◆ **Records**:
-- Opening Marker --
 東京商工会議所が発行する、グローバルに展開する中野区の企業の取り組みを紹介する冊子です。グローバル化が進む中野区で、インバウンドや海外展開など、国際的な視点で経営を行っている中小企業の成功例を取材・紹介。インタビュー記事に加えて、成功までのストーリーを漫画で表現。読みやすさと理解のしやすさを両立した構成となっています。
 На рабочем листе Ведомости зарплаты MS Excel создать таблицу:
-- Closing Marker --
-- Opening Marker --
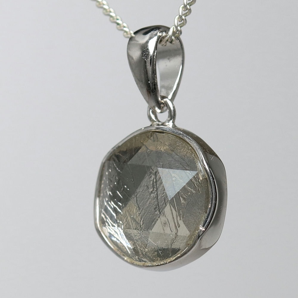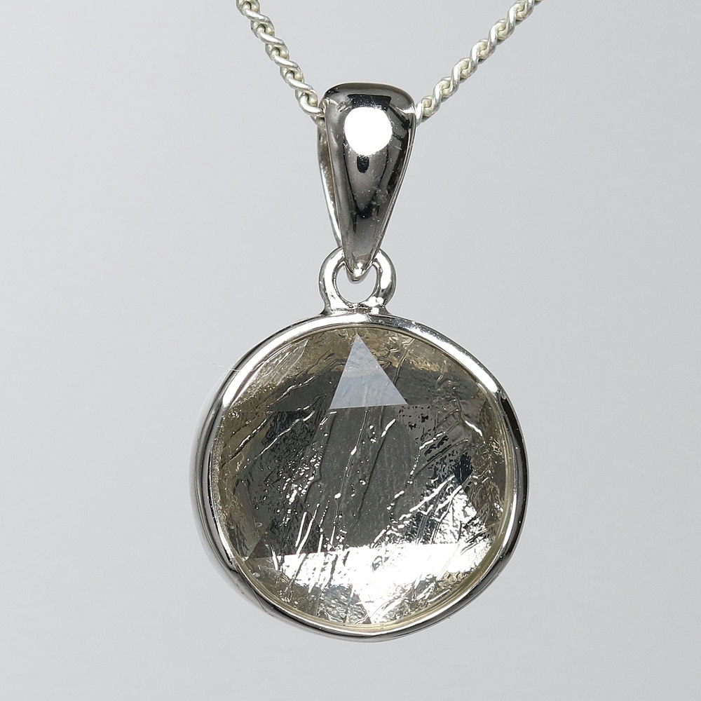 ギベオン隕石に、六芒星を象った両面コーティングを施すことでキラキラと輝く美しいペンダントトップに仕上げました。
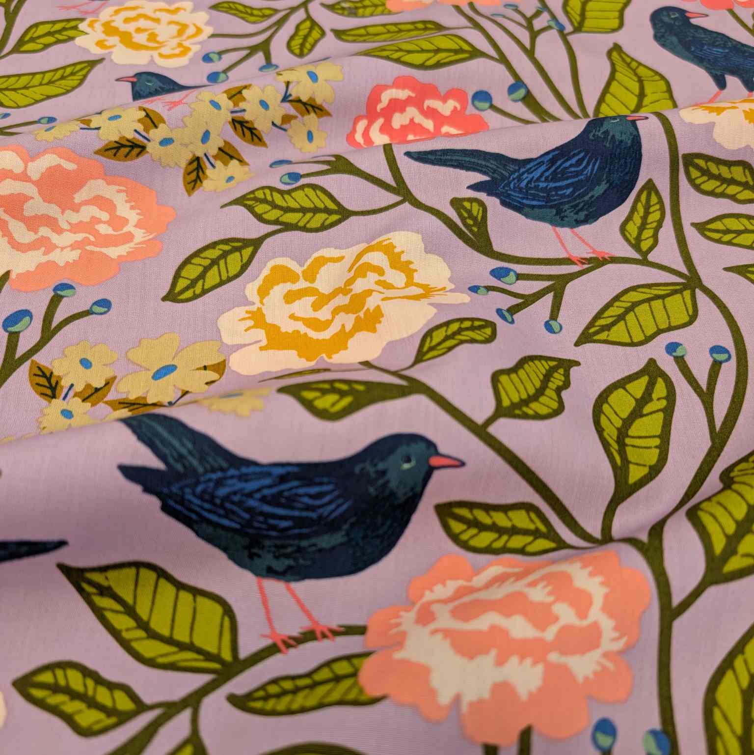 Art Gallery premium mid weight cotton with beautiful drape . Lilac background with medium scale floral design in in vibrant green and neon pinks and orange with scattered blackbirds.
-- Closing Marker --
-- Opening Marker --
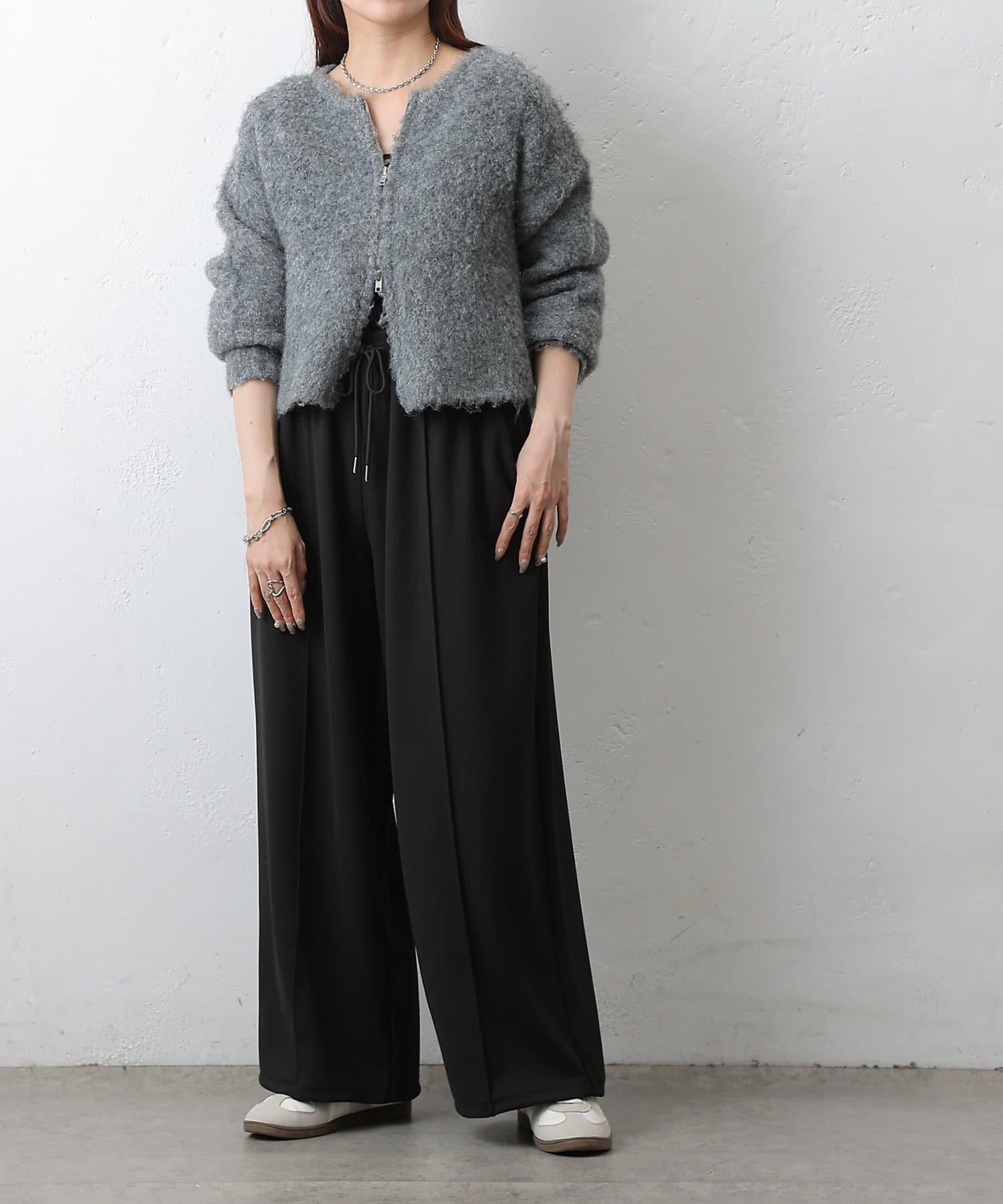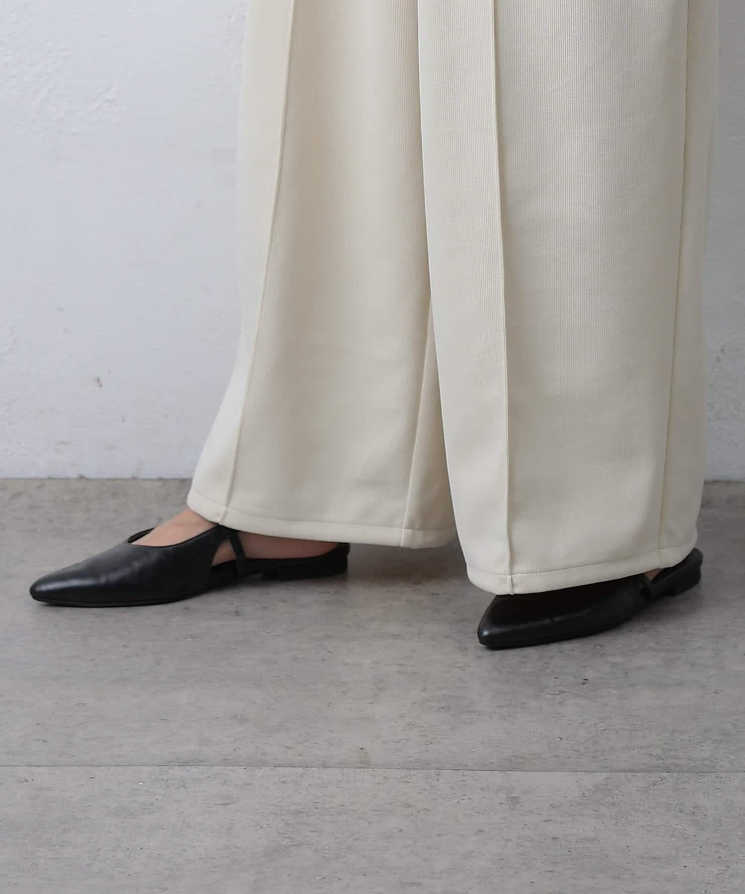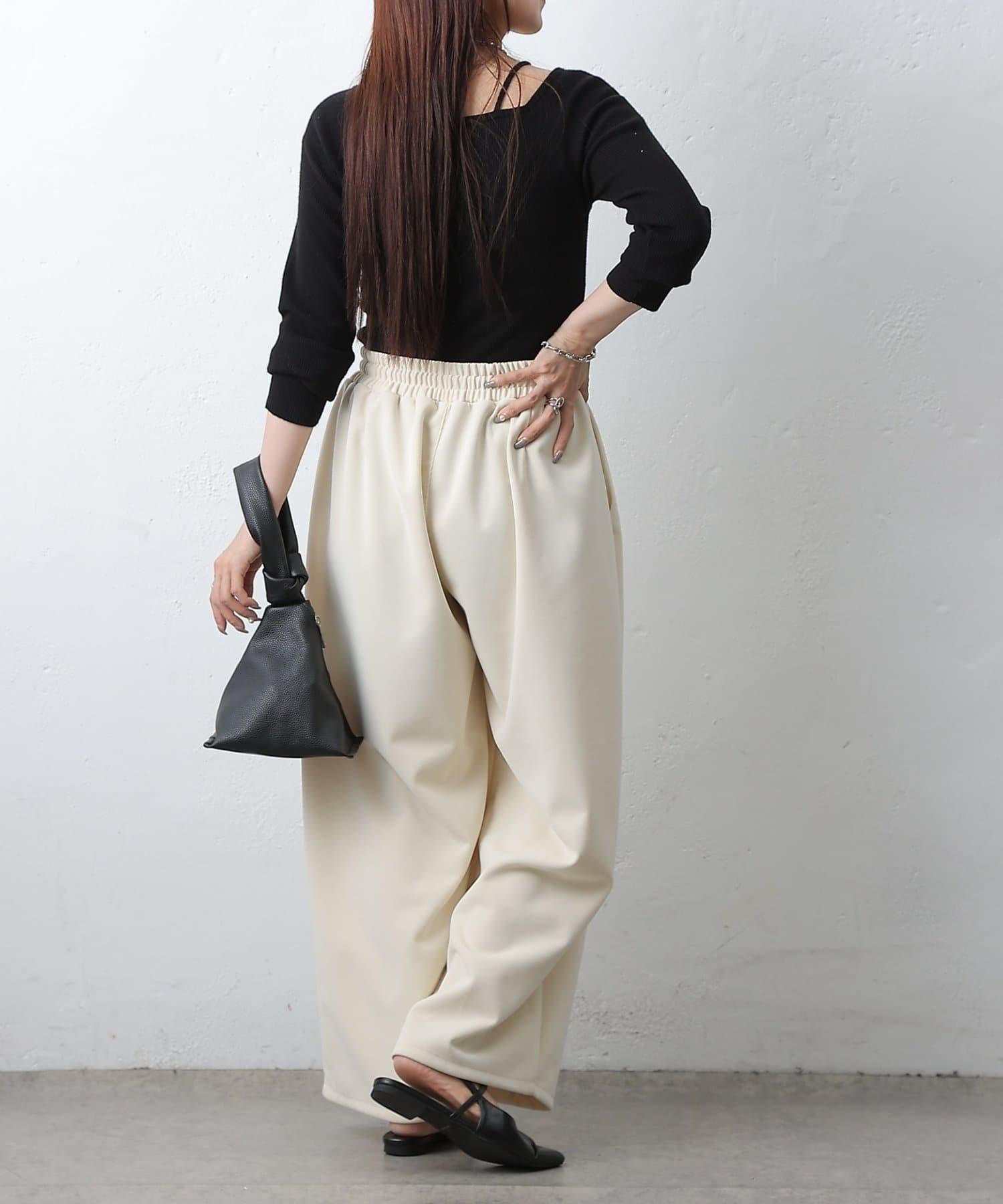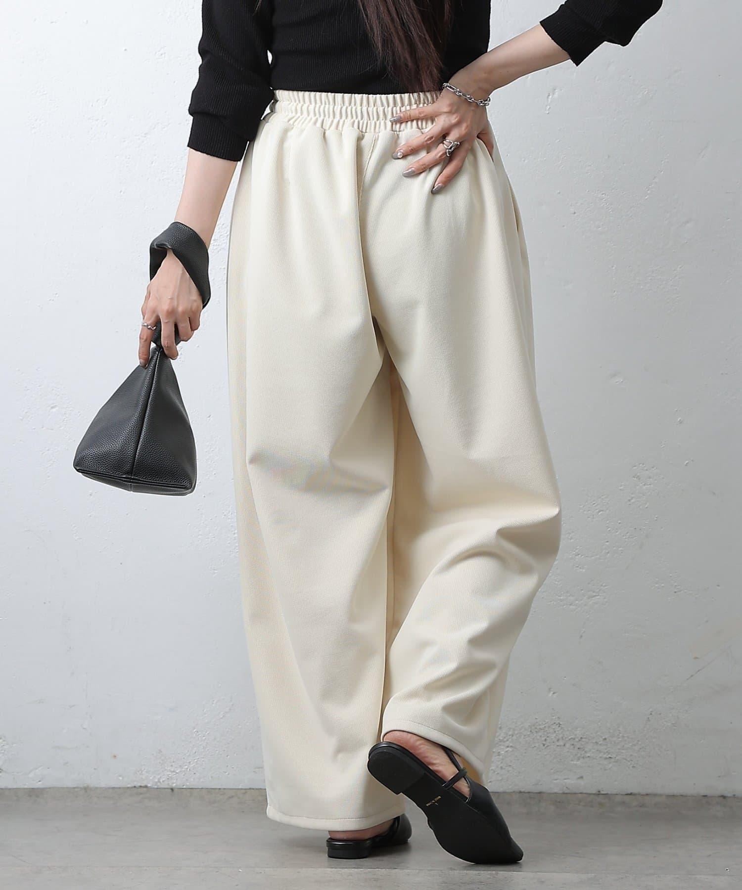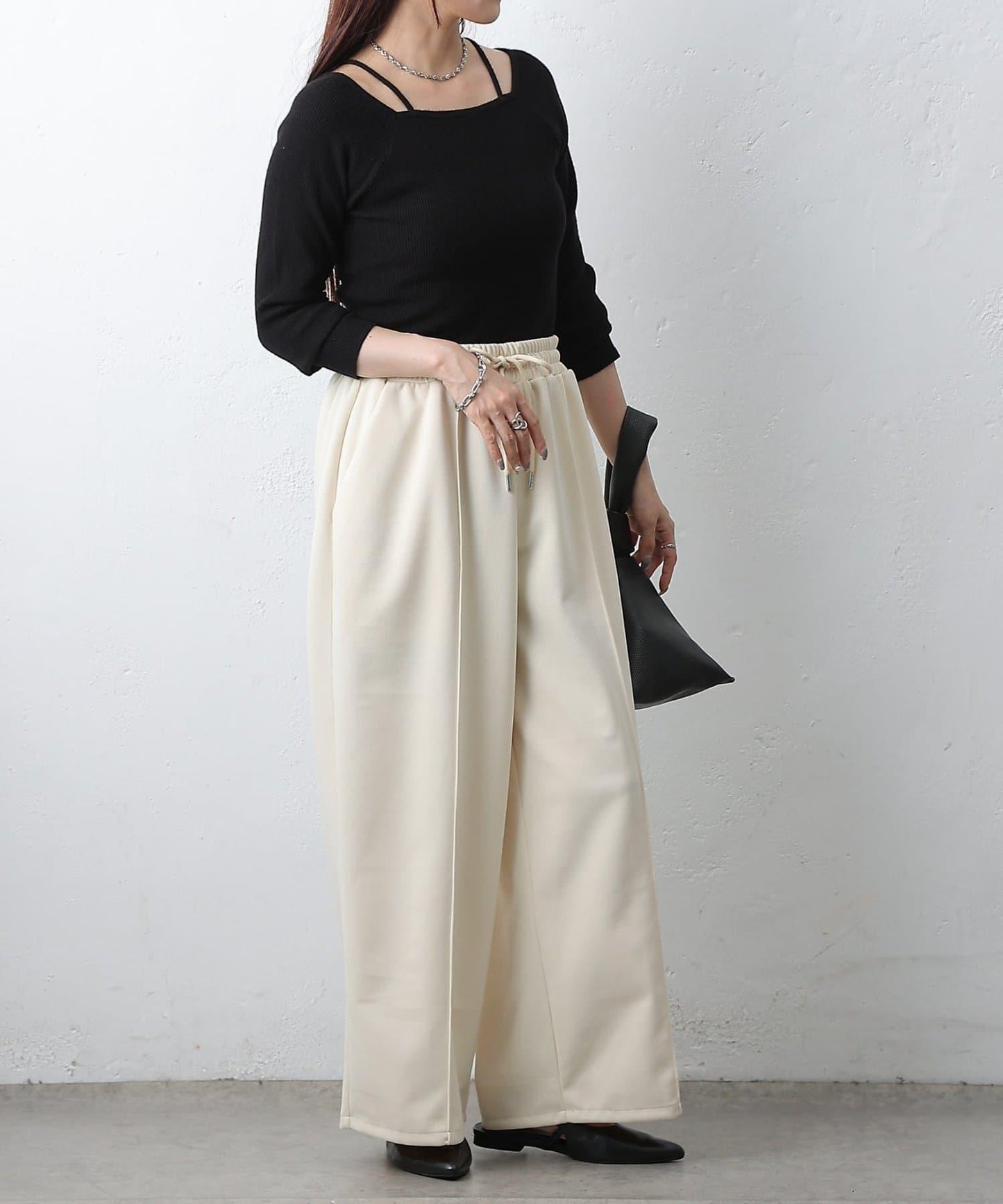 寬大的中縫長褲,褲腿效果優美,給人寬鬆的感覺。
-- Closing Marker --
Output only an exact transcription of the lines above from the one with "東京商工会議所が発行する、グ" up to and including the one with "На рабочем листе".

◆ **Exercise answer**:
 東京商工会議所が発行する、グローバルに展開する中野区の企業の取り組みを紹介する冊子です。グローバル化が進む中野区で、インバウンドや海外展開など、国際的な視点で経営を行っている中小企業の成功例を取材・紹介。インタビュー記事に加えて、成功までのストーリーを漫画で表現。読みやすさと理解のしやすさを両立した構成となっています。
 На рабочем листе Ведомости зарплаты MS Excel создать таблицу:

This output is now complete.